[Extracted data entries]

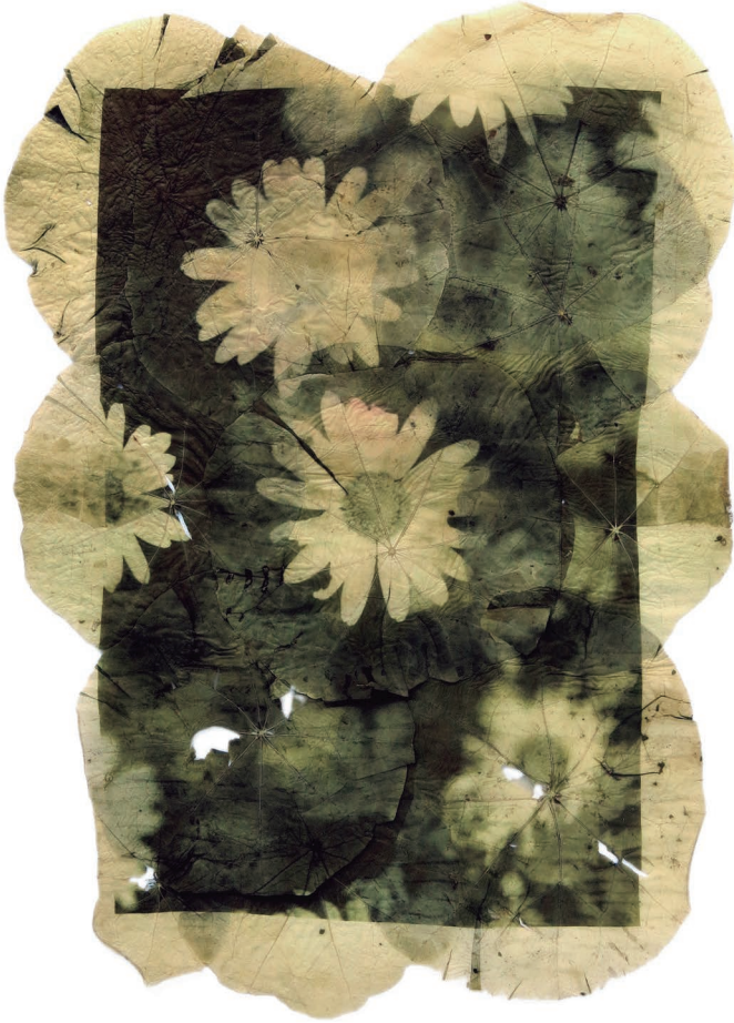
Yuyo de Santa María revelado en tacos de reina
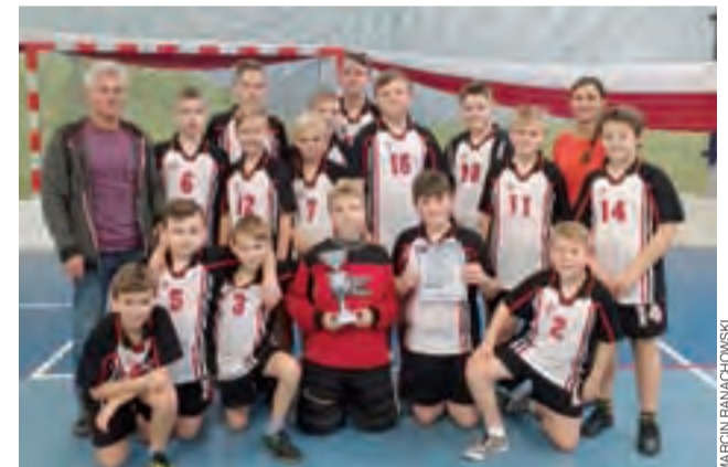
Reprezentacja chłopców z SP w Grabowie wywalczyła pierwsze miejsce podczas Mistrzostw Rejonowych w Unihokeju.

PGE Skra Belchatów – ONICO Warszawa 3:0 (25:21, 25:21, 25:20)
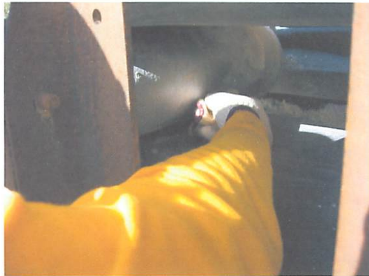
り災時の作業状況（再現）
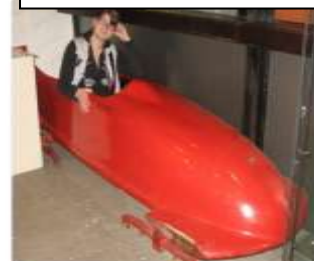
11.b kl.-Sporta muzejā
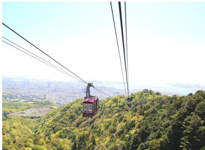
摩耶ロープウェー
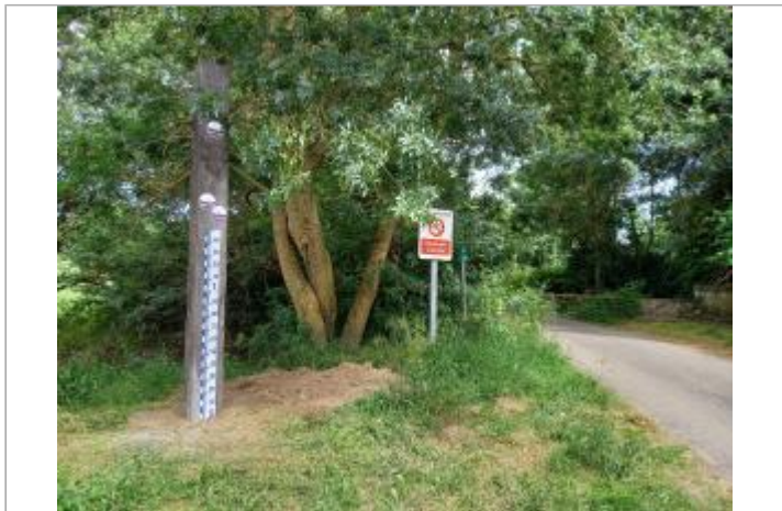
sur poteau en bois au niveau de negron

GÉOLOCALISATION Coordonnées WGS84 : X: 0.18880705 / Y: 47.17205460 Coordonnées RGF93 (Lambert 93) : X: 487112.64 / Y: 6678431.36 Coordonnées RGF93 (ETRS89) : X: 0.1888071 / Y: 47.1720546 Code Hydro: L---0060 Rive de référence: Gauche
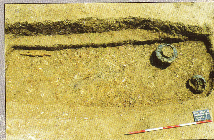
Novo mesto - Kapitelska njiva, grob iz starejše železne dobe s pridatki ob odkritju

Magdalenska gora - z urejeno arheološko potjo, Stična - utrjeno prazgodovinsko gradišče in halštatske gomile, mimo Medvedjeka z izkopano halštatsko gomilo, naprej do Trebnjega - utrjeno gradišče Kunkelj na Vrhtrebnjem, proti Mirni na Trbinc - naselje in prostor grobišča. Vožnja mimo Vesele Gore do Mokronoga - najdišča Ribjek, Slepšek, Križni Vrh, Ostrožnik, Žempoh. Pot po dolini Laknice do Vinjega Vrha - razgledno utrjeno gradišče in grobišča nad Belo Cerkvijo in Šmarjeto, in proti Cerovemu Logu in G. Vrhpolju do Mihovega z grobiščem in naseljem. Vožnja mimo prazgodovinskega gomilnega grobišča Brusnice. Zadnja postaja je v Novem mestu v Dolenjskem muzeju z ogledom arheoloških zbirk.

#### Exercise details:
Extract the part of the records that opens with the line containing "り災時の作業状況（再現）" and closes with the line containing "Novo mesto - Kapitelska". Take only those lines, exactly, and no pictures.

#### Exercise answer:
り災時の作業状況（再現）
11.b kl.-Sporta muzejā
摩耶ロープウェー
sur poteau en bois au niveau de negron

GÉOLOCALISATION Coordonnées WGS84 : X: 0.18880705 / Y: 47.17205460 Coordonnées RGF93 (Lambert 93) : X: 487112.64 / Y: 6678431.36 Coordonnées RGF93 (ETRS89) : X: 0.1888071 / Y: 47.1720546 Code Hydro: L---0060 Rive de référence: Gauche
Novo mesto - Kapitelska njiva, grob iz starejše železne dobe s pridatki ob odkritju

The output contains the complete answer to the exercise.